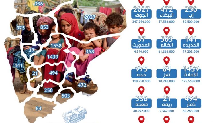 ولفت الحملي إلى أن ما تم صرفه من مشروع المساعدات النقدية وتأهيل المأوى والشتوية والطارئة بالشراكة مع مفوضية اللاجئين خلال العام الماضي 2023م، بلغ 16 مليوناً و515 ألف دولار، بقيمة ثمانية مليارات و753 مليوناً، و132 ألف ريال.
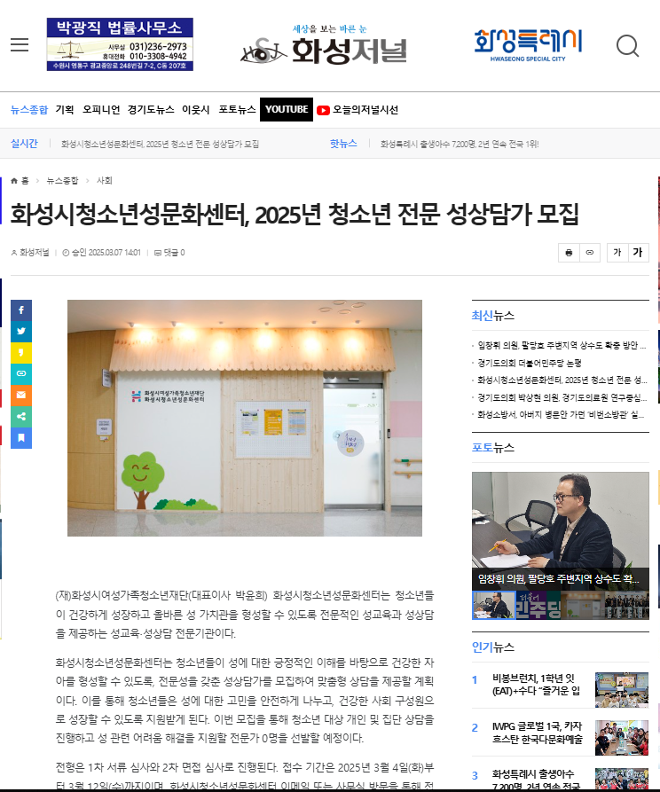 화성시청소년성문화센터, 2025년 청소년 전문 성상담가 모집 재단에 바랍니다 상세 운영센터 화성시청소년성문화센터 등록일 2025년 3월 7일 17시 28분 조회수 217 https://www.hsj.co.kr/news/articleView.html?idxno=36580 파일 아이콘2025. 3. 7. 전문성상담가 모집안내-1.png (377.91KB)다운로드 아이콘 목록보기
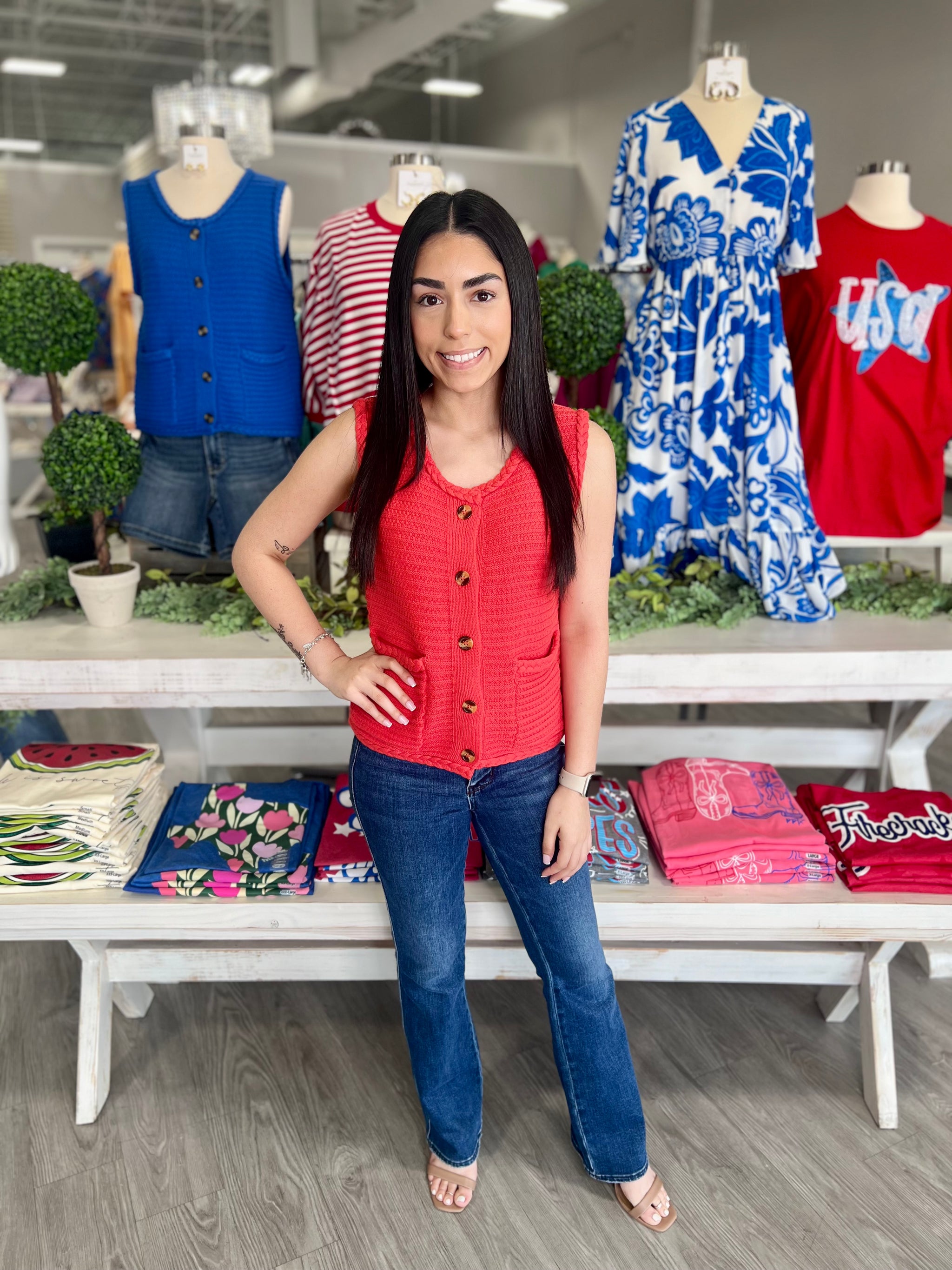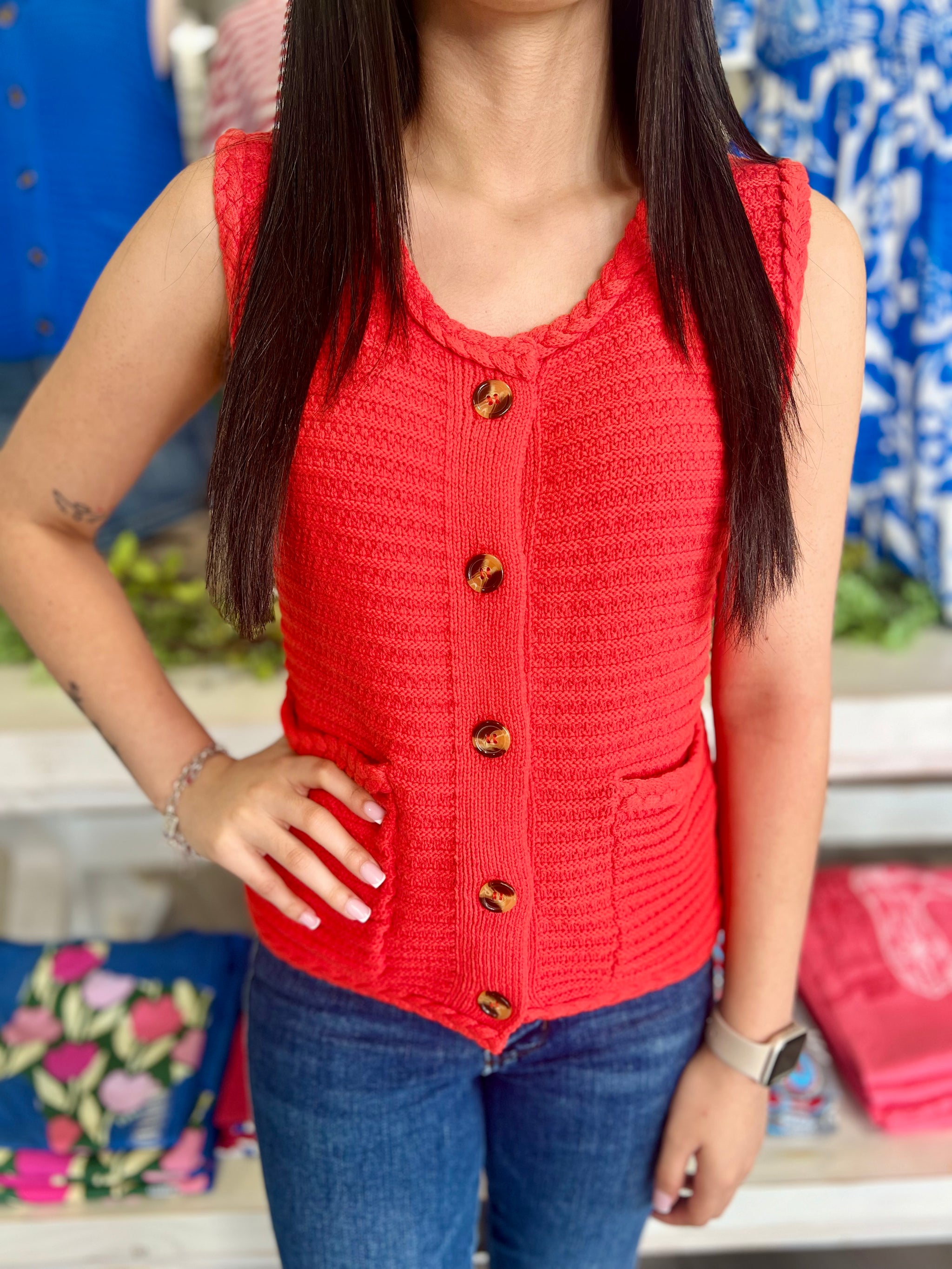 – Sold OutElevate your summer wardrobe with the ABIGAIL ORANGE VEST, a vibrant statement piece that demands attention at any gathering. This...
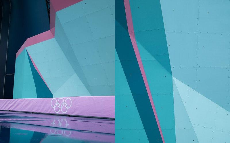 攀岩牆採用奧運主色調的綠、以深淺色變化來設計,並在邊緣搭配粉紅色邊框,牆的頂部設有頂棚,防止下雨或陽光直射。當完工照片一釋出,網友一致留言回饋:「真的好時尚!太美了!」

**DIRECTIONS:**
Pictures are to be left out. Write out only the lines above starting at the one with "화성시청소년성문화센터, 2025년 청소년" and ending at the one with "any gathering. This...", both lines included, exactly.

**WRITTEN SOLUTION:**
 화성시청소년성문화센터, 2025년 청소년 전문 성상담가 모집 재단에 바랍니다 상세 운영센터 화성시청소년성문화센터 등록일 2025년 3월 7일 17시 28분 조회수 217 https://www.hsj.co.kr/news/articleView.html?idxno=36580 파일 아이콘2025. 3. 7. 전문성상담가 모집안내-1.png (377.91KB)다운로드 아이콘 목록보기
 – Sold OutElevate your summer wardrobe with the ABIGAIL ORANGE VEST, a vibrant statement piece that demands attention at any gathering. This...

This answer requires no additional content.